Allora, innanzitutto bisogna dire che il pride, inteso come manifestazione in sè per sè, è un argomento abbastanza soggettivo e va benissimo così: ognuno ha il suo metodo per esprimersi, ognuno ha il suo stile di supporto ed ognuno apprezza le varie interazioni in modo diverso. Non c’è un modo giusto ed uno sbagliato per essere sé stessi, così come non c’è un obbligo a fare coming out con tutti o con alcune persone. Ogni persona vive, e vede, la questione secondo il proprio carattere ed il proprio modo di vivere Io, personalmente, sono più che a favore. Forse un po’ scontato, in fondo sto letteralmente scrivendo un articolo per questo, però ci sono veramente dei buoni punti, alcuni oggettivi altri meno, secondo cui, almeno per me, il pride dovrebbe continuare ad esistere, a camminare per le strade della varie città, a mostrare le varie bandiere.
Innanzitutto, è da ammettere che attraverso il lavoro di attivisti e delle varie testimonianze diverse si sono fatti dei passi avanti: qualcosa è cambiata nella mentalità collettiva, ci siamo mossi verso una società più inclusiva (e questo proprio in generale) e, soprattutto, ora si sa della nostra esistenza, ora ci si sente meno soli. Tutto ciò si condensa all’interno degli ideali del pride, all’interno del motivo per cui nel lontano 1969 a Manhattan è iniziata questa manifestazione che, ancora oggi, continua ad esserci per tutti noi.

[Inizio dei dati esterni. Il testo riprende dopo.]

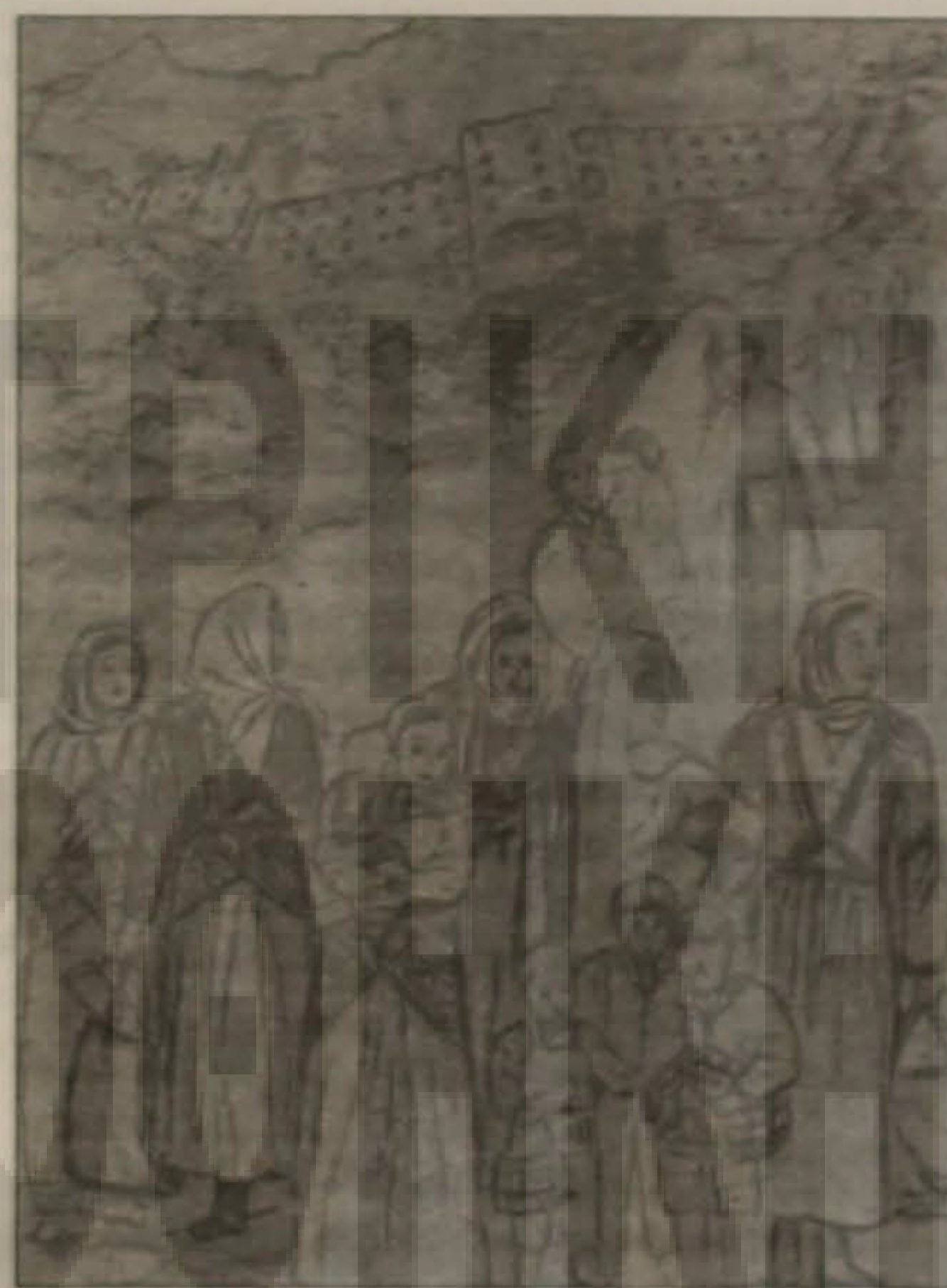
Εικόνα από το δράμα του Ξεριζωμού. Έργο της ζωγράφου κ. Βάσως Σιδηροπούλου - Καρα- μήτσου.

Και τα θύματα της τουρκικής θηριωδίας δε θα κοιμηθούν τον ήσυχο της αιωνιότητας ύπνο, ε- άν η επίσημη Τουρκία δε ζητήσει για το λογαρια- σμό της ιστορίας δημό- σια συγνώμη και δεν ε- γκαταλείψει τις βαρβα- ρότητες που συνεχίζει να διαπράττει. Εως τότε οι Τούρκοι θα έχουν πάνω

Ed ecco, questo è esattamente il mio secondo punto a favore del pride: mi permette di vedere altre persone come me, di vederle felici con quel che sono e, magari, di vederle con qualcuno che le accetta e tiene per davvero a loro. In fondo per me è proprio questa la cosa fondamentale, più che il messaggio (non per questo meno importante), più del gridare al mondo che ci siamo: quei “non sei solo” e “puoi raggiungere la normalità e la felicità anche tu” magari sussurrati, magari no, la speranza che le cose cambino, che io possa smettere di avere paura in certi luoghi e certi ambienti.